La décision de repasser à la semaine de quatre jours à Lyon fait l’objet de nombreuses réactions.   Photo d’illustration Joël PHILIPPON
La décision de repasser à la semaine de quatre jours à Lyon fait l’objet de nombreuses réactions. Photo d’illustration Joël PHILIPPON

La majorité des conseils d’écoles publiques a choisi la semaine de quatre jours de classe pour la rentrée prochaine. Un choix acté par la Ville.

UDI : « Aller au bout de la concertation »

Selon l’UDI, « Il faut aller au bout de la concertation en tenant compte des propositions des parents ». Denis Broliquier (UDI) estime, ainsi, « qu’un retour à 14 h 15 n’est pas adapté au rythme des maternelles ». L’élu propose un « retour dès 13 h 30 de tous les enfants ne déjeunant pas à la cantine ». Le maire du 2e  arrondissement porte aussi le souhait exprimé par les parents que la sortie des enfants qui restent à la garderie ou à l’étude intervienne à 17 h 45.

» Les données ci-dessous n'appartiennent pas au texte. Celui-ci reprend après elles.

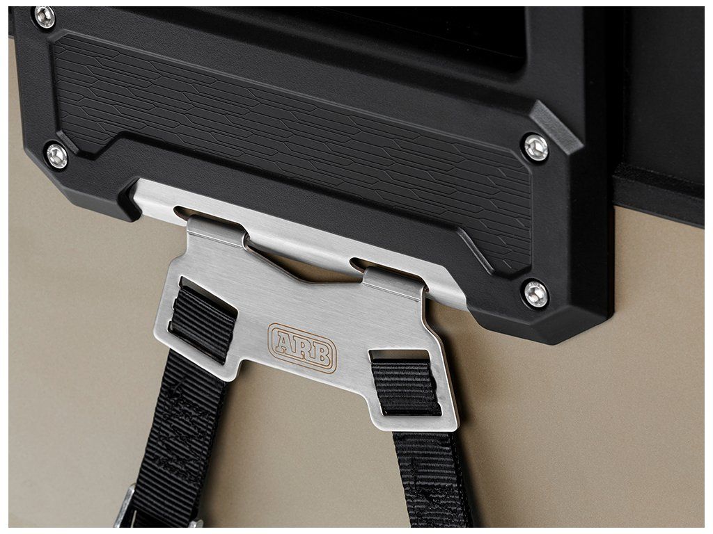 ARB Fridge Freezer Tie-Down Kit je originální upínací sada určená pro všechny lednice ARB Zero. Je navržená pro montáž na výsuvné pojezdy ARB, aby lednice při jízdě držela pevně na místě – v terénu, na rozbitých cestách i při prudším brzdění.

« Cette mesure permettra de préserver à minima 45 minutes d’étude nécessaire à l’égalité des chances particulièrement pour les enfants les plus en difficulté », ajoute l’élu qui réclame, in fine, que « les tarifs qui seront appliqués aux différents temps », soit définis. 

« Un manque de vision de l’Éducation » pour les Verts

Les Verts indiquent « regretter le manque de vision de la mairie. La loi sur les rythmes scolaires visait à privilégier les matinées pour l’apprentissage et à limiter la durée des journées scolaires. Les rythmes qui se dessinent pour la rentrée 2018 en primaire et maternelle prennent le chemin inverse », estime Grégory Doucet, secrétaire d’EELV Lyon.

« La décision du ministre de l’Éducation de laisser les municipalités revenir aux quatre jours était déjà l’aveu d’un manque de vision pour l’éducation », considère-t-il.

« Un choix par résignation ou dépit », dans le 6e

Du côté des élus du 6e  arrondissement , Jean-Michel Duvernois, adjoint aux Affaires scolaires et Dominique Nachury, conseillère municipale (LR ), on rappelle que onze écoles sur les quatorze de l’arrondissement ont opté pour la semaine de quatre jours.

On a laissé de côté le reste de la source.